When the trailer for Raya and the Last Dragon came out, so many people posted reaction videos on Instagram and YouTube, most notably among these reactors were Kelly Marie Tran and Awkwafina who voice Raya and Sisu, respectively. Their reactions mirrored the excitement of people across the Internet, and that got me hyped up as well.
Raya and the Last Dragon is an animated fantasy action film set in the fantasy land of Kumandra where humans and dragons lived together peacefully. One day long ago, the Druun, sinister monsters, began to threaten the land, and the dragons sacrificed themselves to save the human race. Now, 500 years later, the same monsters have returned and it’s up to Raya to track down the last dragon and stop the Druun for good.
Visually, the film was great at highlighting different Southeast Asian architecture and aesthetics. They showcased beautiful arches and carvings that were reminiscent of Thai, Vietnamese, and Cambodian temples. Traditional homes, like the bahay kubo, could be seen in the background. The rice terraces and floating markets that are so popular in Laos, Thailand, and Indonesia also feature heavily in the film.

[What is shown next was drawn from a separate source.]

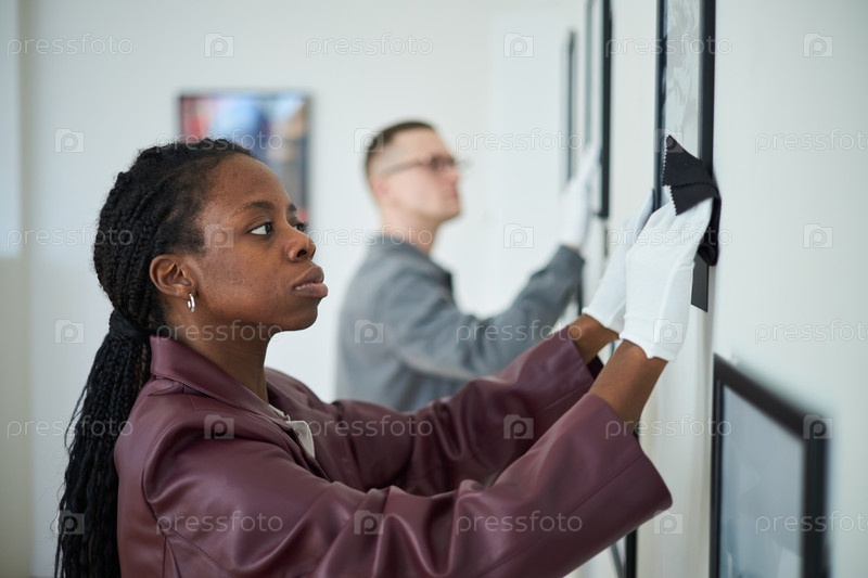 Вывешивание и регулирование настенного искусства в галерее
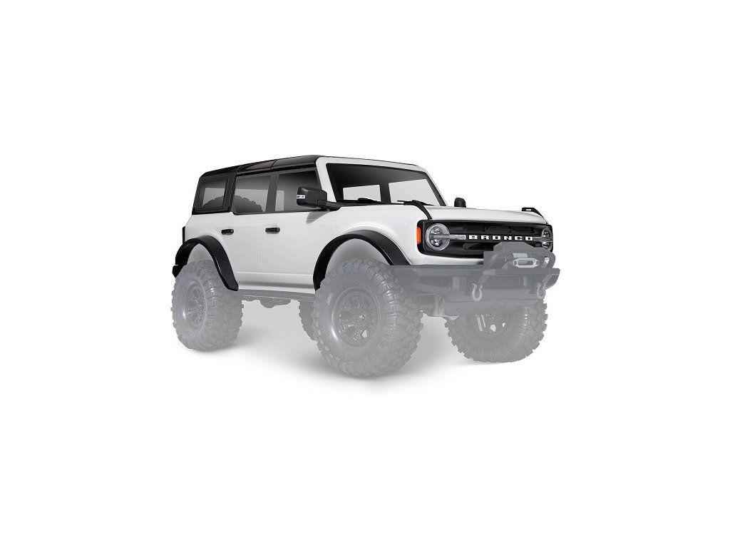 Traxxas karosérie Ford Bronco 2021 bílá - kompletní nabarvená. Určeno pro RC model Traxxas TRX-4 Ford Bronco 2021 nebo jiné modely TRX-4 s rozvorem 324 mm / konverzní sadou a s instalovanými blatníky pro bez-sponkové upínaní karoserie.

A variety of Southeast Asian martial arts were used in combat scenes, like Namaari’s Krabi-Krabong from Thailand, Raya’s Pencak Silat from Indonesia, Muay Thai from Thailand, Võ Thuật from Vietnam, and Arnis from the Philippines. You’ll also spot a lot of food that’s familiar to us like mangosteens, longans, durian, rice, and even shrimp paste. There was also high praise for our national fruit, the mango!

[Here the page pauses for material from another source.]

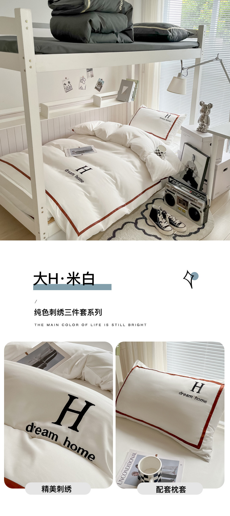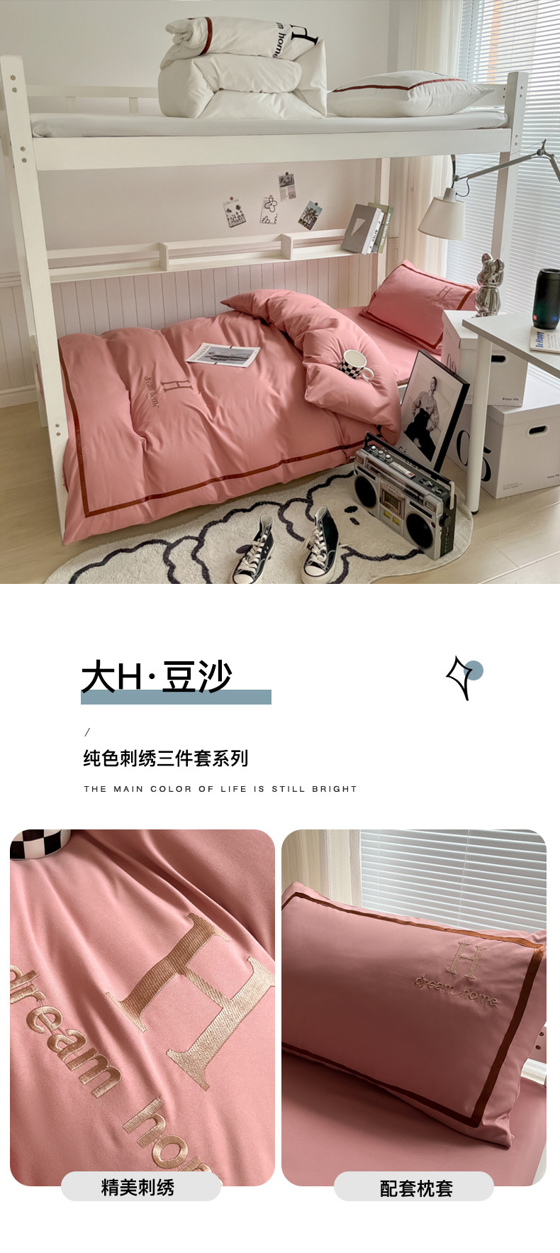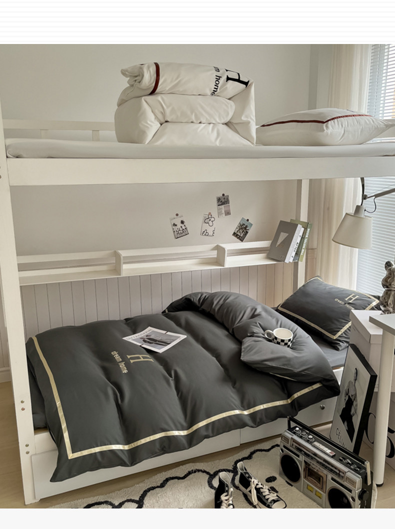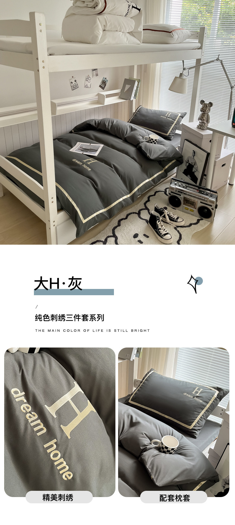 (总)千希家纺 2023新款水洗棉磨毛刺绣学生季上下铺宿舍三件套-大H款

(Warning: Spoilers ahead.)
Disney and their team heavily marketed Raya and the Last Dragon as a Southeast Asian-inspired story, and while this was true, it was very lazy storytelling. It was very reminiscent of Avatar the Last Airbender, and not as well done. An orb containing all of the dragons’ magic is what was used to defeat and contain the Druun the first time, and it was housed in the Land of Heart, where Raya belongs.
The opening scene showcases what looks to be a heist by Raya and her pet, Tuktuk. The heist reveals the hiding place of the glowing orb, where she battles her father to reach the orb, as part of her training. She and her father are now the two “Protectors of the Dragons” as she succeeds in touching the inner circle. The orb is seen as the most powerful weapon out there instead of something that’s protecting them, so the other tribes want it for themselves. Raya’s father, Chief Benja, still hopes to change the minds of the tribes, hoping to become one Kumandra, and instilling in Raya the belief that unity is possible.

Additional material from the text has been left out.